Breath of Fire Wiki
Breath of Fire
Buresu obu Faia
BoFI Logo
Developer(s) Capcom
Publisher(s) JP: Capcom
NA: Square Soft (SNES)
NA: Capcom (GBA, N3DS, Wii U, SW)
EU: Ubisoft (GBA)
Release date(s)
Super NES
JP: April 3, 1993
NA: August 10, 1994

Game Boy Advance
JP: July 6, 2001
NA: December 13, 2001
EU: December 14, 2001

Wii U Virtual Console
JP: September 10, 2014
EU: November 27, 2014
NA: February 12, 2015

New Nintendo 3DS Virutal Console
Platform(s) Super NES
Game Boy Advance
Wii U
New 3DS

Breath of Fire, also known as Breath of Fire: The Dragon Warrior (ブレスオブファイア 竜の戦士, Buresu obu Faia Ryū no Senshi?) is produced by Tokuro Fujiwara, and is the first entry in the Breath of Fire series of console role-playing games. Developed by Capcom in 1993 for the Super Famicom, it was licensed a year later by Squaresoft (now Square Enix) for release in North America. In 2001, Capcom independently ported the game for the Game Boy Advance and released it worldwide.

Breath of Fire takes place in the years following a great civil war between the Light Dragon and Dark Dragon clans. The Light Dragons are dwindling, reduced to hiding in small villages. The protagonist is Ryu, a young Light Dragon who awakens one night to find his home set on fire by Dark Dragons. After his sister is captured in the attack, Ryu sets off to rescue her. In the process, he joins a race to uncover seven mystical keys, before the Dark Dragons can use them to unlock the goddess of destruction.


Breath of Fire consists of four basic modes of gameplay: an overworld map, town and dungeon field maps, a battle screen, and a menu screen. The overworld is a scaled-down, simplified version of the game's fictional world, which the player uses to navigate between various locations. With a few plot-driven exceptions, enemies are randomly encountered while traveling though field maps or on the overworld. As the player commands the lead character to move, the other members who are in the current party follow in a line behind him/her. The order of the group line can be changed at any time, allowing another character to take the lead. Most playable characters display a unique field skill outside of battle, which can only be accessed by placing them at the front. Some areas cannot be entered unless a certain character has joined; for example, the party cannot walk through forests unless Bo is at the head of the group.

Spot breathoffireI001

Ryu traversing the world map.

The color palette of field maps changes depending on the time of day. Whenever the traveling party appears on the overworld screen, the sun rises and sets with each passing minute of real time. Non-player characters can be found milling about inside towns at daytime, whereas they will retire to their homes at night and early morning. In certain instances, the player must wait until nightfall before they can enter a given town.

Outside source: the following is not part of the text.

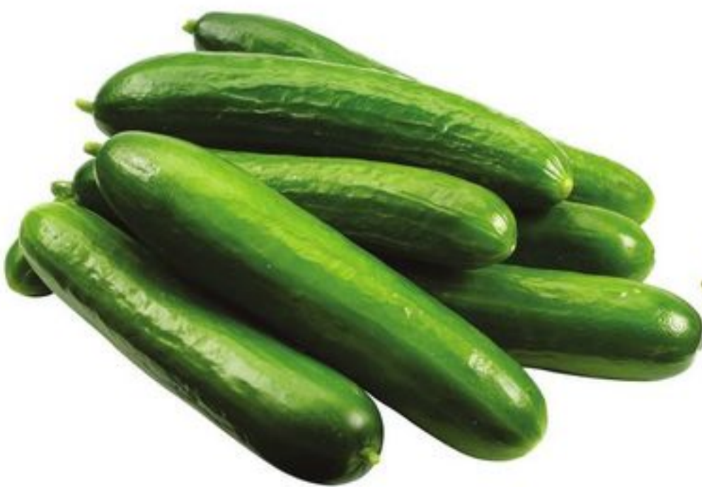
ORGANIC MINI CUCUMBERS PRODUCT OF MEXICO 6'S 20935931001_EA

The game's story develops as the player visits towns and dungeons. Townspeople offer helpful information, and some residents own item or equipment shops. Since the player's inventory space is limited, most item shops double as banks which offer to hold spare items or GP (the game's currency). Dungeons primarily appear in the form of castles, caves, and towers. Towers consist of several floors, often composed of puzzles or mazes, further complicating the party's task of reaching the top.

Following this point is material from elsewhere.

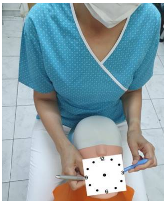
Figure 5. The clock superimposed on the patient's figure.

The menu screen is where the player makes such decisions as which characters will be in the traveling party, which equipment they wield, and the configuration of the gameplay. It is also used to track experience points and levels.

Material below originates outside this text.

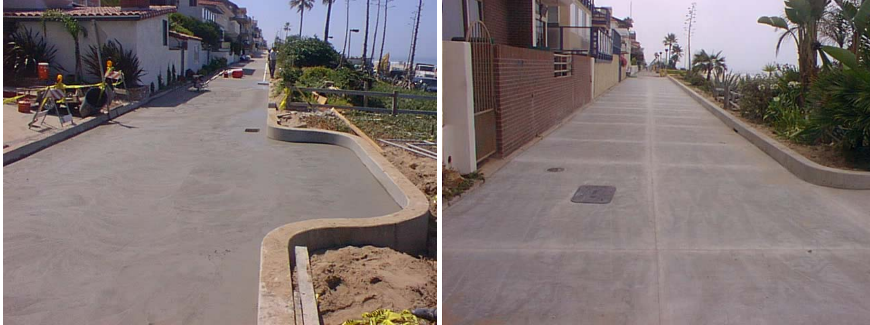
Completed concrete walkway with bench alcove

Fishing and hunting play a small role in Breath of Fire's gameplay. By outfitting Ryu with a rod and bait, the player can fish at designated spots on the overworld, often nabbing rare equipment in the process. Birds, wild boar, and deer randomly appear on the overworld. If Bo is leading the group, he can hunt animals by firing arrows at them. Once struck, the animal will change into an item (Meat) which can be then picked up. Certain types of meat restore Health Points (HP), while others refill Ability Points (AP).


During its turn-based fight sequences, Breath of Fire switches to a 3/4 isometric perspective. Up to four characters may participate in a battle, though each can be swapped out for another party member if the player so chooses. The battle screen is a detailed representation of whatever area the party is currently in, such as a desert or grassland. Although characters are miniaturized on maps, in combat their sprites are normal-sized and more realistic.

Spot breathoffireI002

Ryu in a battle against two slimes.

A maximum of four characters may participate in battles, although each can be swapped out for another party member at any time. Each character acts in an order dependent on their individual statistics. Players are rewarded for winning battles with experience points and GP. When characters attain a certain amount of experience points, they gain a level, which increases their statistics. Experience Points and GP are awarded based on how quickly the party dispatches the enemies with the maximum allotment being given if the player ends the battle in one round. Each party member has the option to attack, cast a magic spell, use a restorative item, or escape the fight by running away. The party can also be placed under automatic control, causing them to attack without the player's input.

The current Hit Points and Ability Points of each party member is visible from a heads-up display at the bottom of the screen, and the maximum HP and AP can be shown by pressing Select. The HP of enemies remains unseen, though a life bar measuring an enemy's health will appear whenever they take damage. An identical display appears during boss battles, but in this case, the life bar is misleading; the bar very often will drop to zero, only to see the boss acquire a 'second wind' and continue to attack without any visible HP.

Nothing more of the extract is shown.